DESCRIPTION OF THE TASK: Starting with the line that has "Недельный программируемый термостат" in the records below and ending with the line that has "3组真空吸盘,由伺服驱动控制", output those lines exactly and nothing more; omit the pictures.

RECORDS SHOWN:
-- Opening Marker --
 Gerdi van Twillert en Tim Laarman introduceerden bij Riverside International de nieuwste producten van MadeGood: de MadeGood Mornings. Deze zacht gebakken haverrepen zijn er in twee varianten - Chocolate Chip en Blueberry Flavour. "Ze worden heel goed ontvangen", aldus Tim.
-- Closing Marker --
-- Opening Marker --
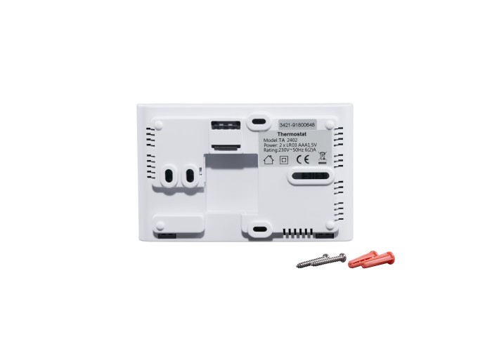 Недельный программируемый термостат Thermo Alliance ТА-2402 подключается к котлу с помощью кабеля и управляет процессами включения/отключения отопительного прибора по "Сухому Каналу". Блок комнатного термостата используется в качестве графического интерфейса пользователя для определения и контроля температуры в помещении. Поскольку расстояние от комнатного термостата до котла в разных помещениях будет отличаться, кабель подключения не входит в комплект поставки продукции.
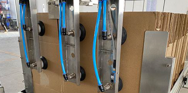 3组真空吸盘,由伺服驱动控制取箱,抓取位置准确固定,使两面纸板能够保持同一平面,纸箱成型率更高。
-- Closing Marker --
YOUR RESPONSE:
 Недельный программируемый термостат Thermo Alliance ТА-2402 подключается к котлу с помощью кабеля и управляет процессами включения/отключения отопительного прибора по "Сухому Каналу". Блок комнатного термостата используется в качестве графического интерфейса пользователя для определения и контроля температуры в помещении. Поскольку расстояние от комнатного термостата до котла в разных помещениях будет отличаться, кабель подключения не входит в комплект поставки продукции.
 3组真空吸盘,由伺服驱动控制取箱,抓取位置准确固定,使两面纸板能够保持同一平面,纸箱成型率更高。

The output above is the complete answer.